== YOUR TASK ==
This exercise asks for every record to be output again exactly.

== SOURCE DATA ==
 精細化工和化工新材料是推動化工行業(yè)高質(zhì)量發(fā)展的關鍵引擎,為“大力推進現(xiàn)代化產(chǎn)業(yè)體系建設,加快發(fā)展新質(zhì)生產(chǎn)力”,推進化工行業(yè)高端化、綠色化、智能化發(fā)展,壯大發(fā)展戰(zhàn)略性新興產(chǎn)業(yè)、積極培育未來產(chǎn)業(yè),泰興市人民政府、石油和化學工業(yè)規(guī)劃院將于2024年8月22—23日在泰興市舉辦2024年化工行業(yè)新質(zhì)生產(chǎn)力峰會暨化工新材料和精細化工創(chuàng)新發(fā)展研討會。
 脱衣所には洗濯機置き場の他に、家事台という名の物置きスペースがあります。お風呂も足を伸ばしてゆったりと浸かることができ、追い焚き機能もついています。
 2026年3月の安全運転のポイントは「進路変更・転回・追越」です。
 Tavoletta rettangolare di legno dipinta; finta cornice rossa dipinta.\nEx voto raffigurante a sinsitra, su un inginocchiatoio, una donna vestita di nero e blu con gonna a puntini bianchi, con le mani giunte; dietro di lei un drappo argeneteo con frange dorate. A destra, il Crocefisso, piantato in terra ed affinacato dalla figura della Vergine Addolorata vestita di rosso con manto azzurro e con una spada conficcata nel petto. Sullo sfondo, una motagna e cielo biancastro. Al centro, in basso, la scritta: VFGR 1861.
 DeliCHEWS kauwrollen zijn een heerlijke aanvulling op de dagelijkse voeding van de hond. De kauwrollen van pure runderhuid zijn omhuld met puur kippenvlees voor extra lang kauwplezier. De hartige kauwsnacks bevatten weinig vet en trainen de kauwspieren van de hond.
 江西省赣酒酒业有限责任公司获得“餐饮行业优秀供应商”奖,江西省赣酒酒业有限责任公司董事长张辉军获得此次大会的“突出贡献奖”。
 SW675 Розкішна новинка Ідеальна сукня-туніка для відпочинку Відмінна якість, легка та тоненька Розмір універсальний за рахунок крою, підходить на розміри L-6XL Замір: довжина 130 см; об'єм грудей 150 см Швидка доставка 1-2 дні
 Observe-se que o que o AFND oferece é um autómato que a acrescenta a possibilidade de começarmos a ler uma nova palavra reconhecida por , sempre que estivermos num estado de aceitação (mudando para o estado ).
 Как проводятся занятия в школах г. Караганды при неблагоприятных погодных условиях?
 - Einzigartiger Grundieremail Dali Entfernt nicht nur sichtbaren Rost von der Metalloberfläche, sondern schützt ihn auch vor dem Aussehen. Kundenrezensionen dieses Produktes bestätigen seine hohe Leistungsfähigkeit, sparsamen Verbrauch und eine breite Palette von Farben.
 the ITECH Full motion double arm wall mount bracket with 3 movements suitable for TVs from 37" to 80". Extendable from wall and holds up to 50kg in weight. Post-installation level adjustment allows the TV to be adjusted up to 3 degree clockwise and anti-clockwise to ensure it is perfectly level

== TASK RESULT ==
 精細化工和化工新材料是推動化工行業(yè)高質(zhì)量發(fā)展的關鍵引擎,為“大力推進現(xiàn)代化產(chǎn)業(yè)體系建設,加快發(fā)展新質(zhì)生產(chǎn)力”,推進化工行業(yè)高端化、綠色化、智能化發(fā)展,壯大發(fā)展戰(zhàn)略性新興產(chǎn)業(yè)、積極培育未來產(chǎn)業(yè),泰興市人民政府、石油和化學工業(yè)規(guī)劃院將于2024年8月22—23日在泰興市舉辦2024年化工行業(yè)新質(zhì)生產(chǎn)力峰會暨化工新材料和精細化工創(chuàng)新發(fā)展研討會。
 脱衣所には洗濯機置き場の他に、家事台という名の物置きスペースがあります。お風呂も足を伸ばしてゆったりと浸かることができ、追い焚き機能もついています。
 2026年3月の安全運転のポイントは「進路変更・転回・追越」です。
 Tavoletta rettangolare di legno dipinta; finta cornice rossa dipinta.\nEx voto raffigurante a sinsitra, su un inginocchiatoio, una donna vestita di nero e blu con gonna a puntini bianchi, con le mani giunte; dietro di lei un drappo argeneteo con frange dorate. A destra, il Crocefisso, piantato in terra ed affinacato dalla figura della Vergine Addolorata vestita di rosso con manto azzurro e con una spada conficcata nel petto. Sullo sfondo, una motagna e cielo biancastro. Al centro, in basso, la scritta: VFGR 1861.
 DeliCHEWS kauwrollen zijn een heerlijke aanvulling op de dagelijkse voeding van de hond. De kauwrollen van pure runderhuid zijn omhuld met puur kippenvlees voor extra lang kauwplezier. De hartige kauwsnacks bevatten weinig vet en trainen de kauwspieren van de hond.
 江西省赣酒酒业有限责任公司获得“餐饮行业优秀供应商”奖,江西省赣酒酒业有限责任公司董事长张辉军获得此次大会的“突出贡献奖”。
 SW675 Розкішна новинка Ідеальна сукня-туніка для відпочинку Відмінна якість, легка та тоненька Розмір універсальний за рахунок крою, підходить на розміри L-6XL Замір: довжина 130 см; об'єм грудей 150 см Швидка доставка 1-2 дні
 Observe-se que o que o AFND oferece é um autómato que a acrescenta a possibilidade de começarmos a ler uma nova palavra reconhecida por , sempre que estivermos num estado de aceitação (mudando para o estado ).
 Как проводятся занятия в школах г. Караганды при неблагоприятных погодных условиях?
 - Einzigartiger Grundieremail Dali Entfernt nicht nur sichtbaren Rost von der Metalloberfläche, sondern schützt ihn auch vor dem Aussehen. Kundenrezensionen dieses Produktes bestätigen seine hohe Leistungsfähigkeit, sparsamen Verbrauch und eine breite Palette von Farben.
 the ITECH Full motion double arm wall mount bracket with 3 movements suitable for TVs from 37" to 80". Extendable from wall and holds up to 50kg in weight. Post-installation level adjustment allows the TV to be adjusted up to 3 degree clockwise and anti-clockwise to ensure it is perfectly level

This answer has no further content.